TASK DETAILS — Would you repeat the data below exactly, taking out the images?

SUPPLIED DATA —
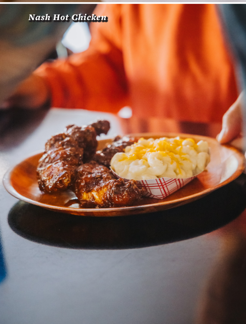
Nash Hot Chicken
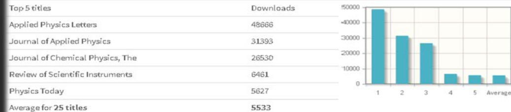
Chart - overall usage of top 5 v average

Publisher usage by title and year - JR1 report for A Dummy Institution (Publisher: AIP - American Institute of Physics, includes gateway/host usage Fully Open Access title, according to DOAJ, www.doaj.org )

ANSWER FOR THE TASK —
Nash Hot Chicken
Chart - overall usage of top 5 v average

Publisher usage by title and year - JR1 report for A Dummy Institution (Publisher: AIP - American Institute of Physics, includes gateway/host usage Fully Open Access title, according to DOAJ, www.doaj.org )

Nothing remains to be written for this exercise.